Location
- Olongapo City, Zambales Philippines 14°50′20″N 120°18′48″E﻿ / ﻿14.83879°N 120.31331°E

Information
- Type: Science High School
- Motto: Scientia Vinces (Through Knowledge, We Win)
- Established: 1994
- Principal: Soledad E. Pozon
- Grades: 7 to 12
- Language: English, Filipino
- Campus: East Kalayaan, Subic Bay Freeport Zone, Olongapo City
- Colors: Blue and Black
- Nickname: RegSci, Reggies
- Affiliations: Schools Division Office of Olongapo City Regional Science High School Union Department of Education (Philippines)
- School Publications: The Eagle (English) Ang Sanghaya (Filipino)

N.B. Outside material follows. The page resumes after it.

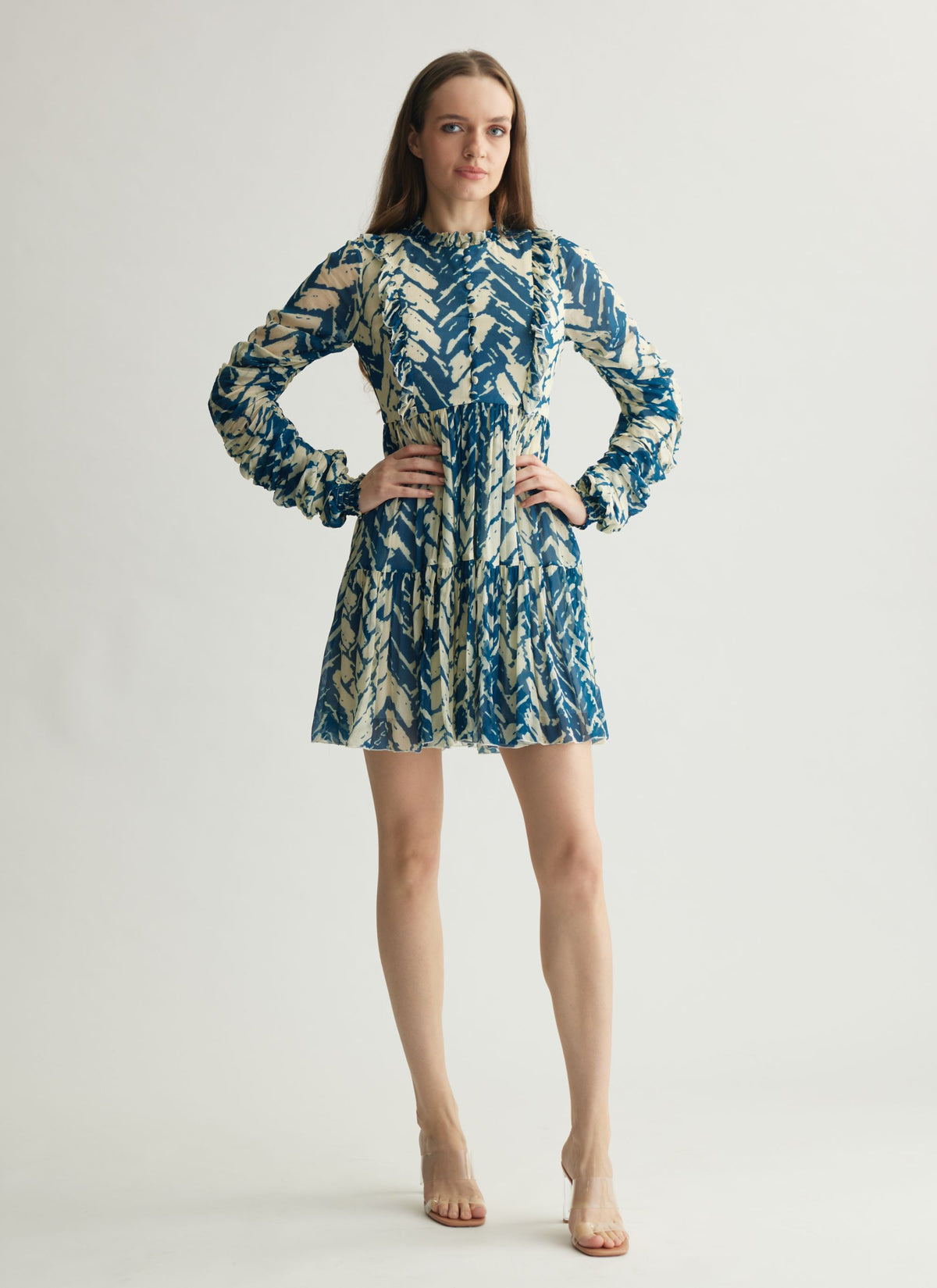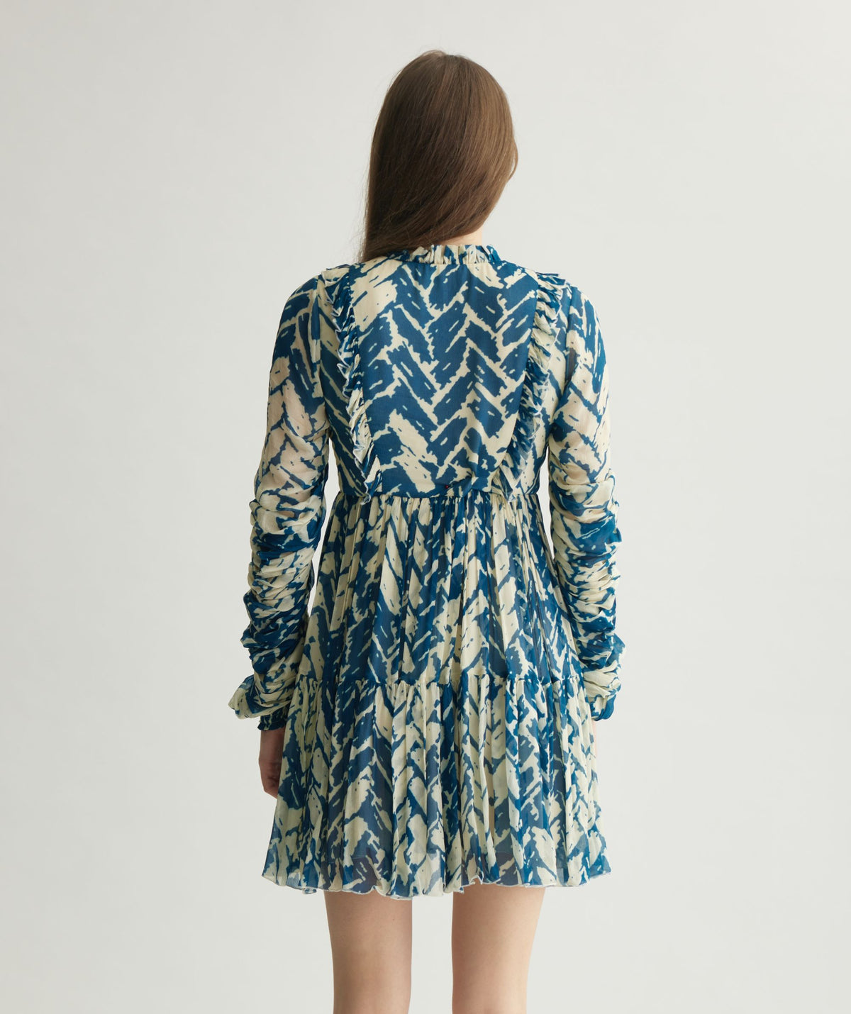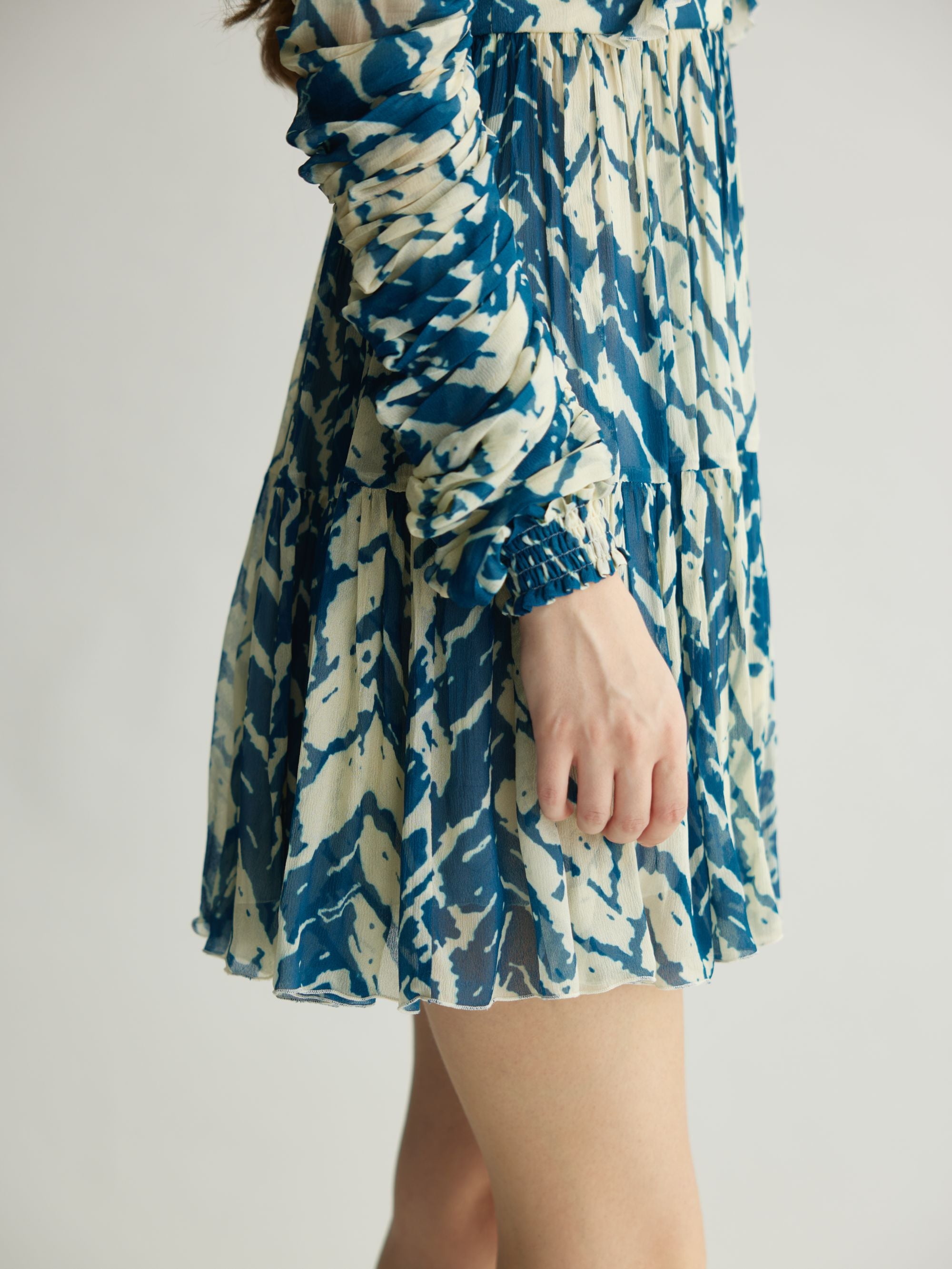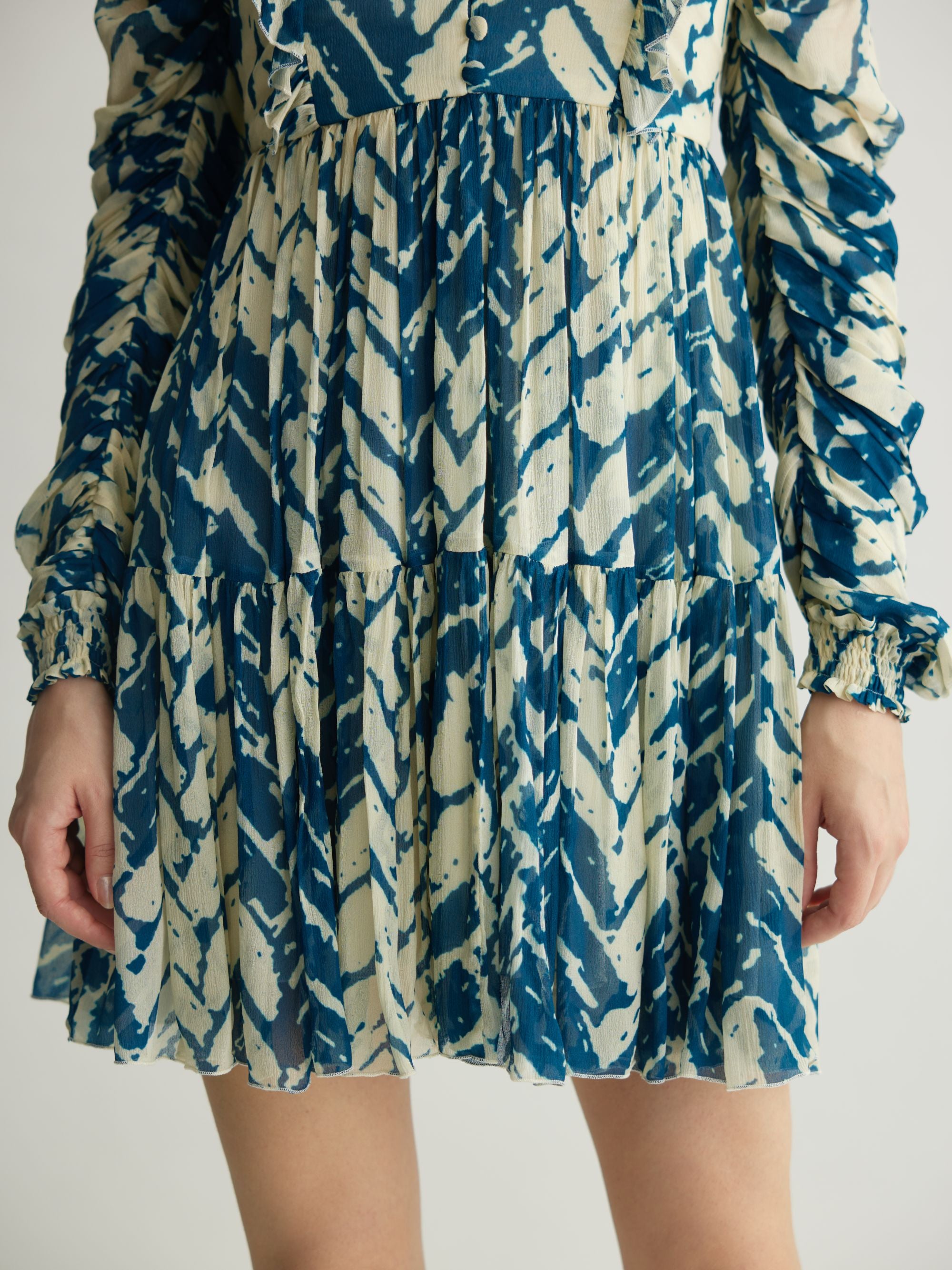 BEIGE & BLUE CHEVRON PRINT SHORT DRESS

= Regional Science High School III =

Public high school in Olongapo, Philippines

Regional Science High School III (commonly known as RSHS III) is a science high school situated in East Kalayaan, within the Subic Bay Freeport Zone, in Olongapo City, Philippines. Established in 1994, the school offers a specialized science and mathematics-oriented curriculum tailored for academically adept adolescents. RSHS III comprises a junior high school and a senior high school with a focus on the STEM strand. The student body primarily consists of residents from nearby cities and provinces, with the majority hailing from Olongapo, Bataan, and Zambales.

Since then, it has clinched various awards and representation in STEM-related competitions (Math, Science, Research) both in the national and international level

==History==
Regional Science High Schools were established in the Philippines under DECS Order No. 69 Series of 1993. These schools cater to above-average students with a strong inclination towards science and technology. They offer an advanced curriculum in Science, Math, and English, along with enriched programs and research opportunities not typically available in regular schools.

Originally situated at Angeles City High School in Angeles City, the school was later moved to Olongapo City National High School before officially opening its doors on June 6, 1994. Under the leadership of then-Olongapo Mayor Kate H. Gordon and SBMA Chairman Richard J. Gordon, the school was relocated once again to the former U.S. Naval Base Subic Bay within the Subic Bay Freeport Zone in Olongapo City, near present-day Mondriaan Aura College.

The school was again moved to its present location, in a former elementary school in East Kalayaan.

The building was initially constructed in the late 1950s by the United States Navy for the education of their dependent children and was originally named George Dewey Elementary School. It was later renamed Kalayaan Elementary School and operated under the administration of the Philippine Department of Defense.

==Environment==
The Regional Science High School is situated within one of the Philippines' remaining natural rainforests in the Subic Bay Freeport Zone, with an untouched forest reserve beyond the school fence. The existing school buildings were originally constructed for the education of U.S. naval officers' children during the American colonial occupation and have remained largely unchanged since then. Only a few structures on the campus were modified to accommodate the relocation of the high school.

==Exchange programs==
Since 2014, 12 students from Regional Science High School have participated as International Student Ambassadors and student exchange delegates to Tallwood High School in Virginia Beach, USA, as part of the Olongapo City-Virginia Beach Sister Cities Agreement program.